Applications of sorted SWCNT device arrays (using either metallic or semiconducting SWCNTs) in sensing, MEMS, electronic devices and optoelectronic devices are currently being pursued by research groups around the world. Challenges include being able to produce sorted SWCNT solutions in very large volumes, as well as being able to assemble devices by dielectrophoresis over a large area such as a full wafer. These scalability issues are not fundamental limitations, but engineering challenges, and therefore it is expected that they will be overcome with further research and optimization.
Back in 2007, we reported on the directed and precise assembly of single-nanotube devices with an extremely high integration density of more than one million devices per square centimeter, using a novel aspect of nanotube dielectrophoresis (see: "Carbon nanotubes to the rescue of Moore's law").

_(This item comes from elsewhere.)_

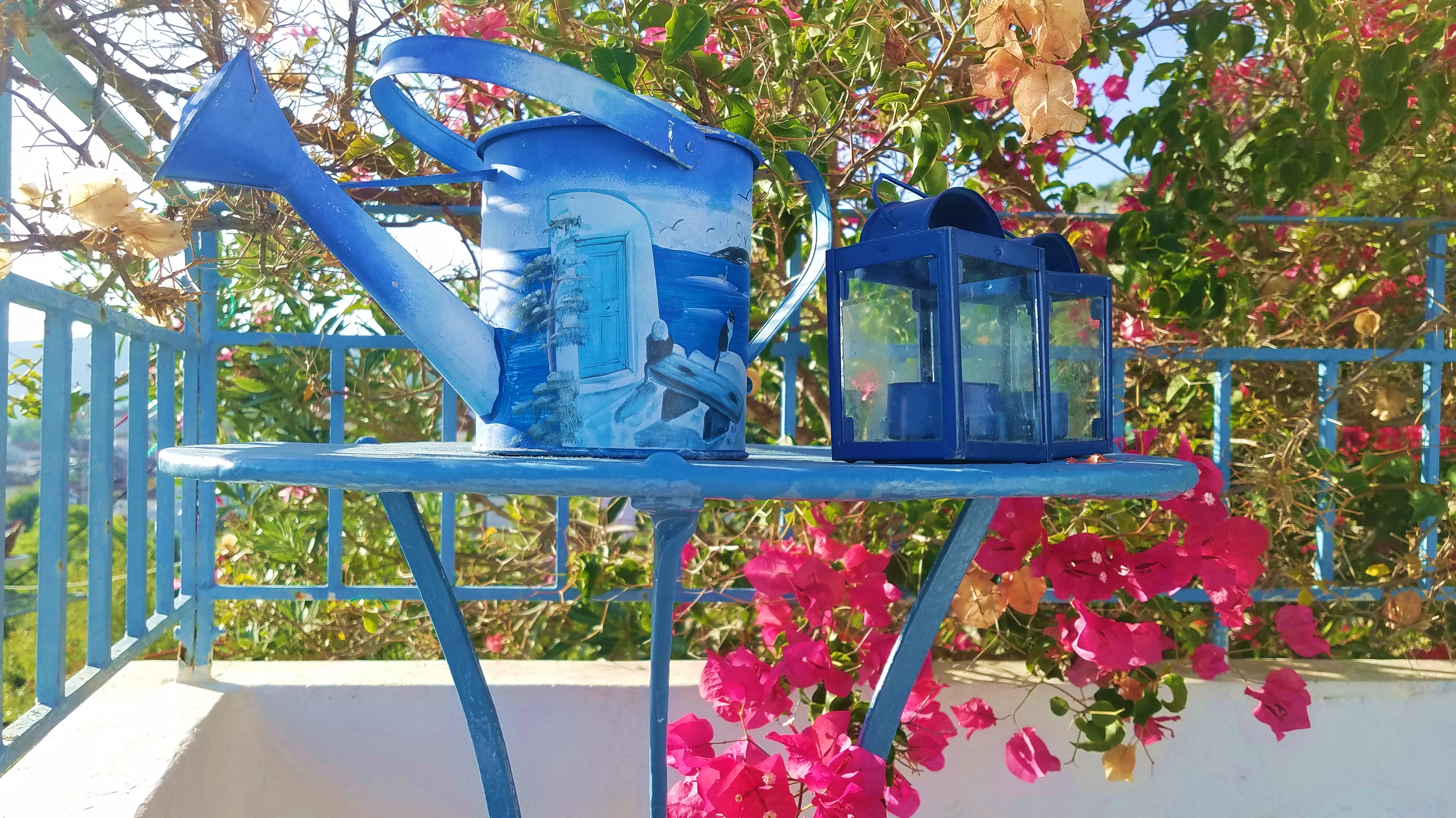 Mais dans cette partie du balcon, ce qui frappait l’œil, c’était l’hégémonie de la teinte bleue. Dans ce microcosme, tout était bleu. Les barreaux de la balustrade, comme de l’autre côté. La table, intégralement. L’arrosoir pour l’eau douce et les deux lanternes.

Research like this has been a big step towards commercial realization of CNT-based electronics and their integration into the existing silicon-based processor technologies.
In a further step towards large-scale integration of SWCNTs into complex functional electronic circuits, researchers have now combined their dielectrophoretic deposition approach from 2007 with SWCNT sorting using density gradient ultracentrifugation, ensuring high purity of SWCNTs in suspension and consequently in the assembled devices.
"Density gradient ultracentrifugation has been demonstrated ("Sorting carbon nanotubes by electronic structure using density differentiation") by Mark Hersam and co-workers at Northwestern University for separating metallic and semiconducting SWCNTs, and are able to obtain over 99% purity in semiconducting SWCNT solutions," Aravind Vijayaraghavan, a lecturer in Nano Engineering & Storage Technology Research Group at the University of Manchester, explains to Nanowerk. "When this solution is used to deposit SWCNTs by dielectrophoresis, we are able to obtain almost 100% yield in high-density integration of only semiconducting SWCNTs into device arrays."
Scanning electron micrograph of 10 adjacent devices from a high-density device array, consisting of only semiconducting single-walled carbon nanotube devices
Scanning electron micrograph of 10 adjacent devices from a high-density device array, consisting of only semiconducting SWCNT devices. (Image: Aravind Vijayaraghavan, University of Manchester; Ralph Krupke, Karlsruhe Institute of Technology)
This result, reported in the February 25, 2011, online edition of Advanced Materials ("A Scalable, CMOS-Compatible Assembly of Ambipolar Semiconducting Single-Walled Carbon Nanotube Devices"), is important because only semiconducting SWCNTs can be used as devices in microelectronic circuits. This is the first time that it has been shown that large-scale integration is possible with only semiconducting nanotubes at almost 100% yield, and opens the door for wafer-scale production of CNT based devices for electronic applications.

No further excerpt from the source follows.